● TASK BRIEF
Write out the whole listing below exactly, skipping each picture.

-- DATA EXCERPT follows --

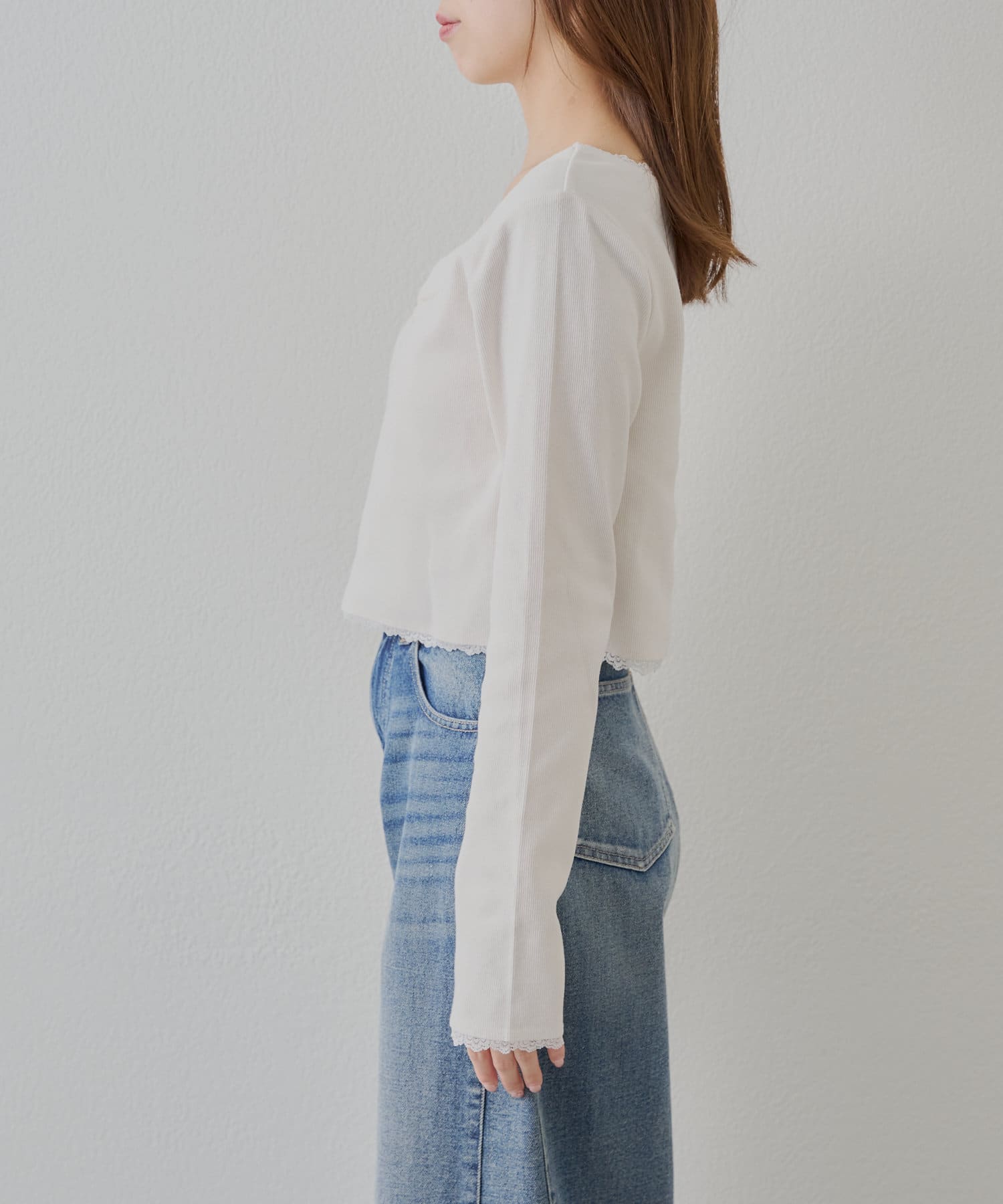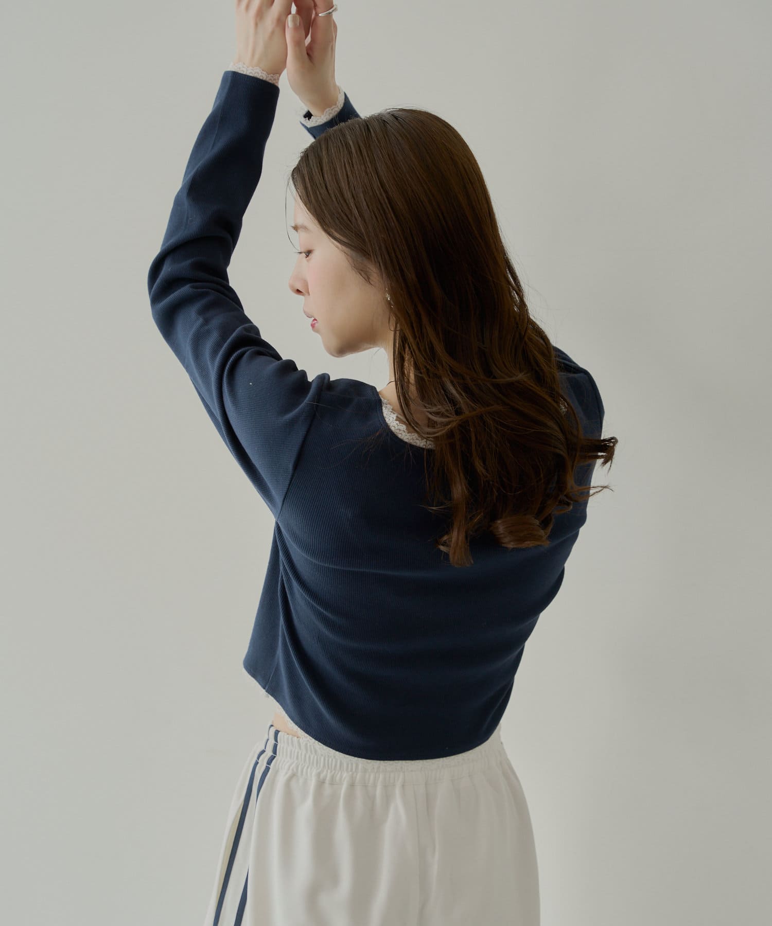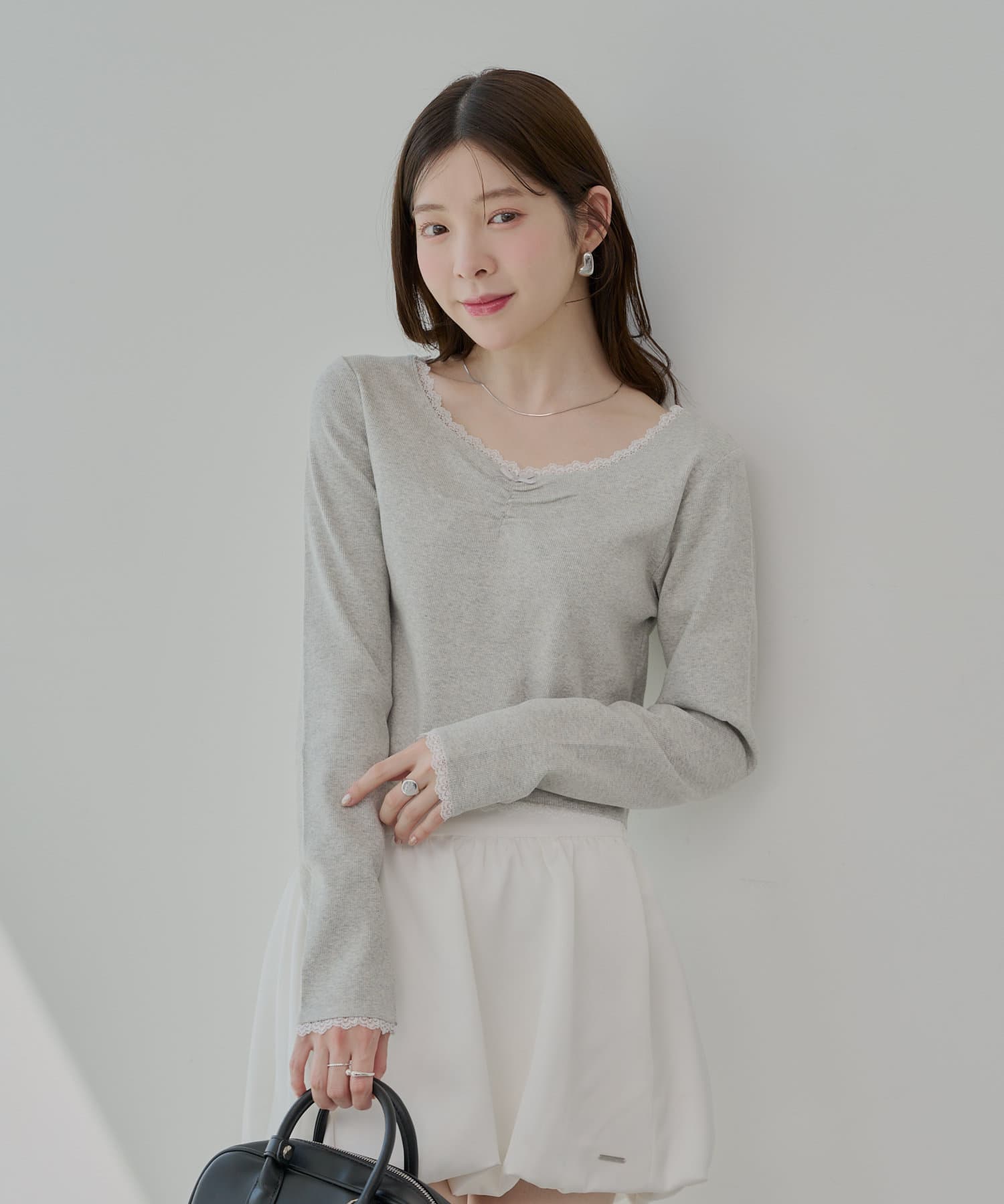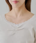・首元と袖口、裾にあしらわれた繊細なレースが上品でフェミニンな印象をプラスしてくれます。
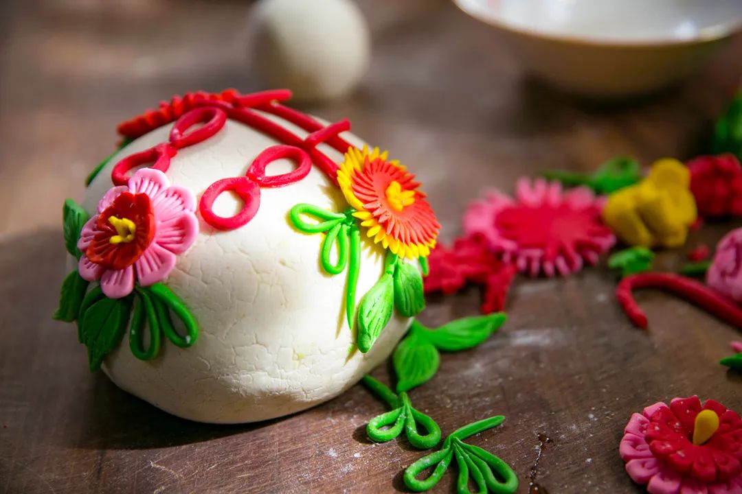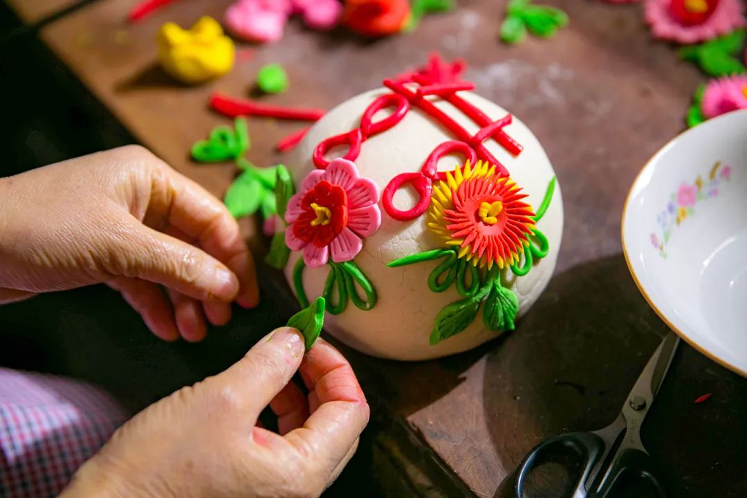 捏花馍,也是属于这里的特色风物。经过一系列的搓、捻、擀、切、捏,一个个栩栩如生的图案便从手中活脱脱地变出来,每一个人捏得都不尽相同,也都承载着不同的感情。
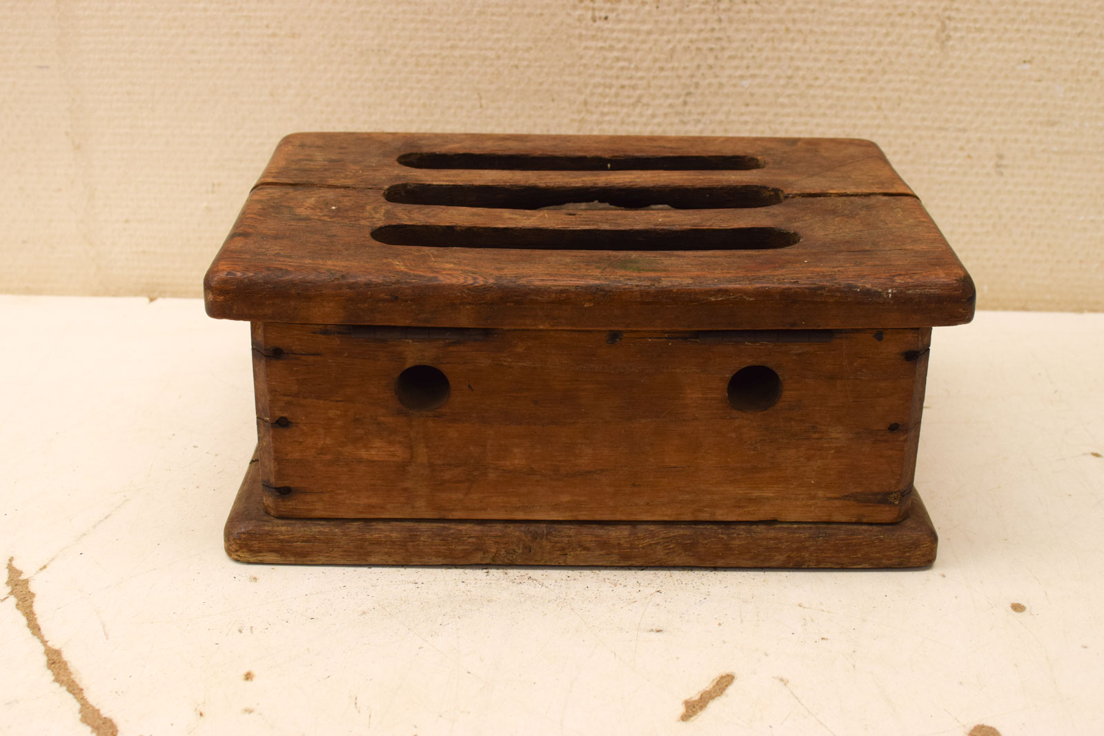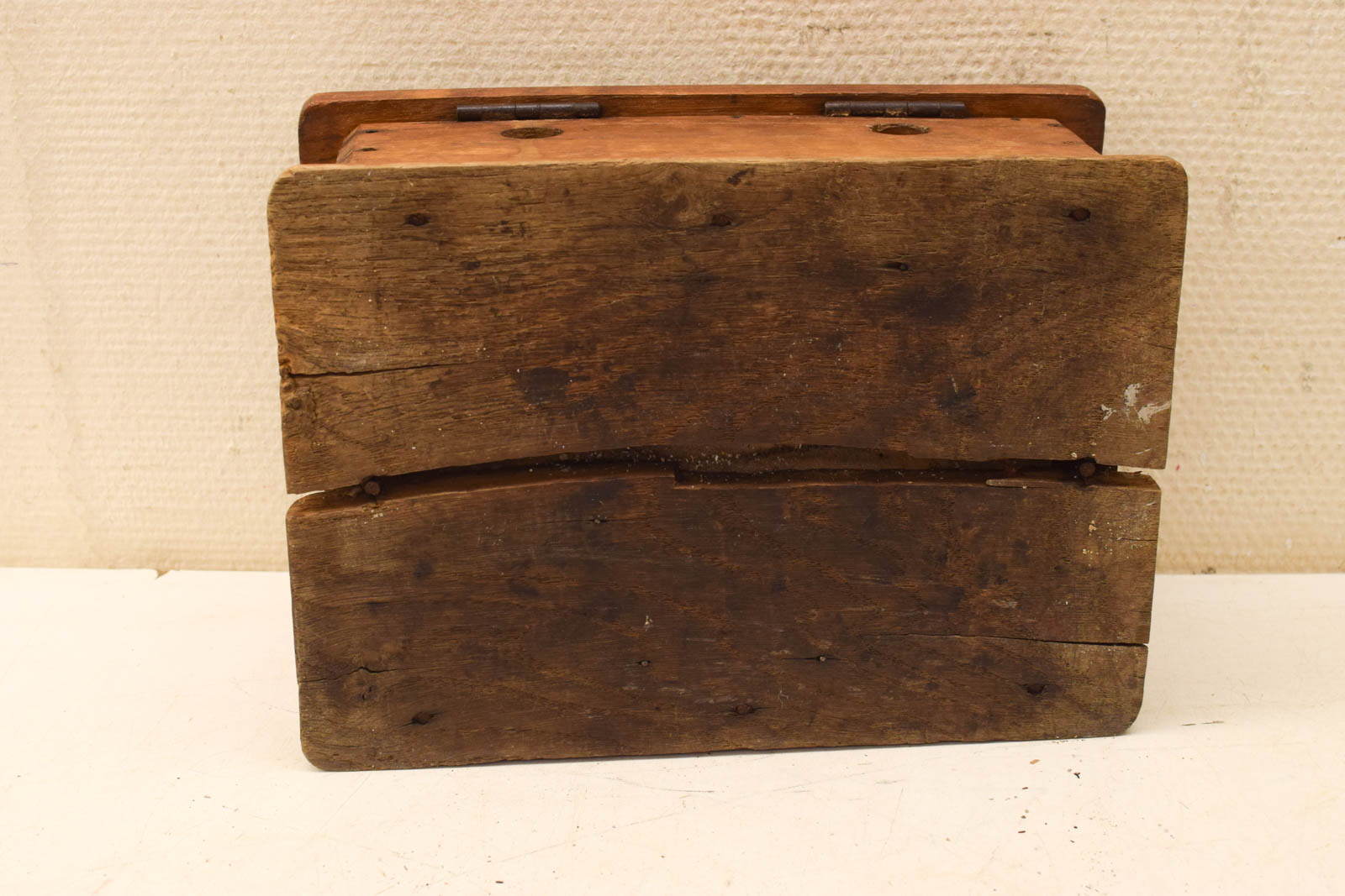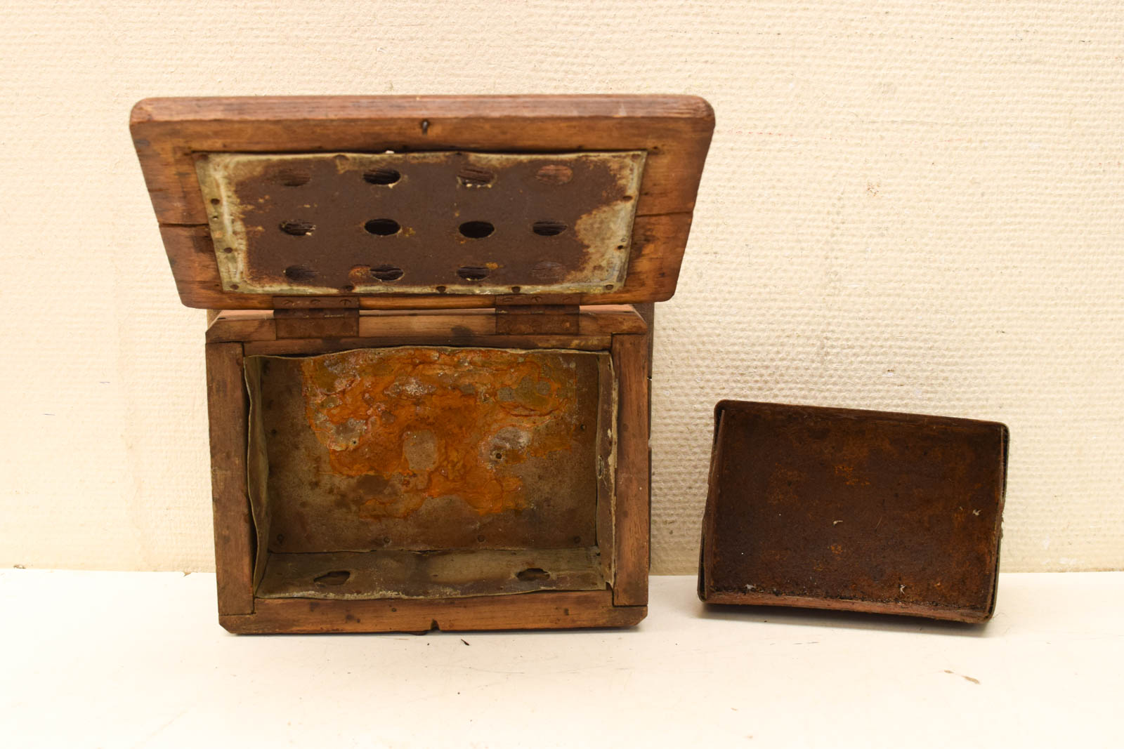 het hout heeft gebruikerssporen de metalen bak zit er nog in de stoof heeft gaatjes

-- DATA EXCERPT concluded --

● EXERCISE SOLUTION
・首元と袖口、裾にあしらわれた繊細なレースが上品でフェミニンな印象をプラスしてくれます。
 捏花馍,也是属于这里的特色风物。经过一系列的搓、捻、擀、切、捏,一个个栩栩如生的图案便从手中活脱脱地变出来,每一个人捏得都不尽相同,也都承载着不同的感情。
 het hout heeft gebruikerssporen de metalen bak zit er nog in de stoof heeft gaatjes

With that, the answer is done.